Provides a webcam driven parallax effect simulating the feeling of looking through the screen into a fishtank, with the perspective adjustments driven by face detection from the webcam. Could be fairly easily repurposed to any three.js scene.
Very inspired by the work of Johnny Lee with the head tracking using the Wii sensor bar I hacked up a proof of concept for doing this on the web using no extra hardware and just Google MediaPipe and the 3D graphics library three.js. The result is an unholy fusion of mediapipe face detection, three.js example code and some modified mathematics originally by Mr Lee. It is definitely not production ready, largely due to typical media lifecycle problems, but does show that this is viable.
The actual core code here is amazingly short, so don't be scared.
The easiest way is to check this link to the running example.
The more accurate your settings the better the effect.
- "FOV (degrees)" - the field of vision, horizontally, of the camera in use, in degrees. Note the internal API uses radians.
- "Above screen" - if the camera is directly above the screen or directly below. Cameras in other locations are not supported.
- "Height (mm)" - the height of the display window in millimetres. (The width is then calculated via the aspect ratio).
- "Inter eye distance (mm)" - the distance between the eyes of the viewer. This is equivalent to the distance between the two dots in the earlier work with the Wii hardware.
- Clone this repo
npm install
npm run dev
- Open your browser to the appropriate page
- Shut your browser again, and open that same page in a new window manually. (This is because the auto refresh code of vite interacts badly with some of the initialization going on here).
- Move the window to the screen your camera is near
- Select the camera from the drop down (the other settings can be changed after starting).
- Notice the parallax effect when you move your head around. Left/right, up/down and in/out will all work. (In the example you can move behind one of the cubes).
- Break it in some unknown way. Create a bug report and move on with life.

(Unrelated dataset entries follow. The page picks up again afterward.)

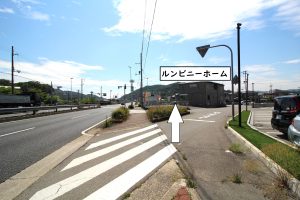 ルンビニーホームは国道2号線神戸神社前交差点角です。
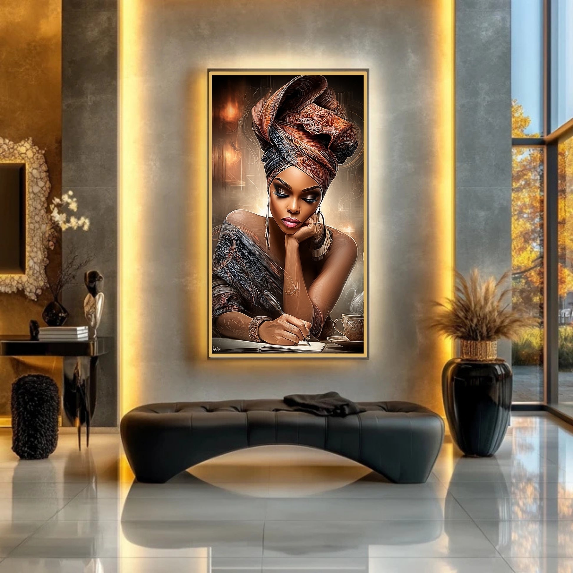 Ink of Intention portrays a serene Afro inspired woman lost in her writing, surrounded by warm light, textured fabrics, and the soft swirl of rising steam. Her expressive eyes, sculptural head wrap, and grounded energy create a soulful statement piece that celebrates the power of a woman with a vision.
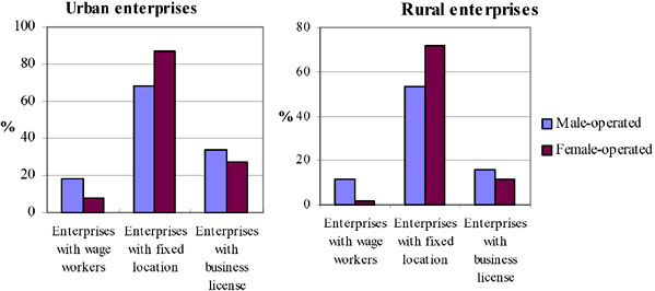 Non-farm enterprises operated by women differ distinctly from those operated by men. In both rural and urban areas, women are much more likely to be engaged in retail sales, to operate hotels and restaurants and to produce textiles and garments. Men mainly run enterprises producing or processing goods (other than textiles). Figure 6 shows the characteristics of male and female owned non-farm enterprises by location, based on 1997-98 data. Enterprises operated by women typically employ fewer individuals. They are also less likely to have a business license than those operated by men, in both rural and urban locations. As women's businesses are predominantly involved in sales, they tend to have a fixed location.

- It's going to be a performance monster, but runs well on current Macs
- The maths is likely to have subtle bugs and precision errors.
- Cameras are either in the centre above or below the screen. No consideration for other configurations.

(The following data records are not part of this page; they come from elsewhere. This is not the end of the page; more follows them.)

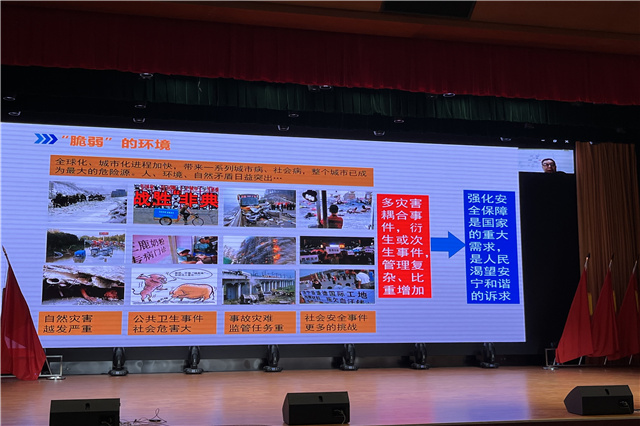 江苏超达应急技术研究院首席专家王建东教授带来“提升防灾减灾能力,共建安全和谐校园”讲座,王教授针对校园可能存在的安全问题进行剖析,介绍了如何做好校园安全和应急工作,提升学校的各种安全事件的预警联动和应急处置能力,提升校园风险应对和应急管控能力,提升学生、教职工安全应急意识和防灾减灾能力。
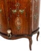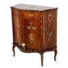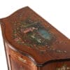 Il mobile presenta una struttura in legno pregiato finemente lucidato, con fronte sagomato e gambe slanciate a cabriole. La superficie è impreziosita da delicate pitture a mano: ghirlande floreali, nastri, pendagli e medaglioni con figure classiche, elementi tipici dell’estetica Sheraton.
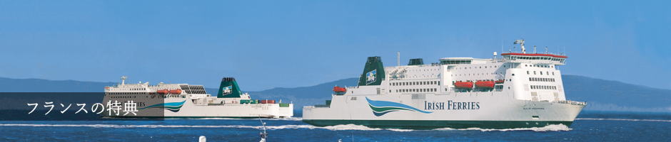 IrishFerries社の下記の路線のフェリーが30%OFF(キャビン追加料金には特典が適用されません)。

- Once set at the start the current camera is unalterable. Some attention to teardown and recreation of the streams and so on is required.
- Sometimes the camera gets stuck. This can be resolved either by reopening in a whole new window or pulling the frozen tab out of the browser.
- The interactions with the reloading mechanism of the dev server get old fast. Whenever you save a file it will break any current active session.
- I would want to break out the classes HeadTracker and FishtankCamera into another module which could then go on npm with clearing versioning and licensing etc. The example uses an hdr env map from three.js which is cheeky to say the least and should be changed.
- The results of the face detection are shaky. It may be possible to filter them for some applications, but that would introduce latency. It is probably better to hope for improvements in resolution and accuracy in the face detection as things like WebGPU get deployed and that becomes more reasonable. Relatedly, the range in distance from the camera is currently limited. There may be good mileage from switching to a pose detection mechanism, depending on the stability of the output of the pose inference.
- If adapting the maths for a native mobile app make sure to use native inference APIs where available as the difference is dramatic.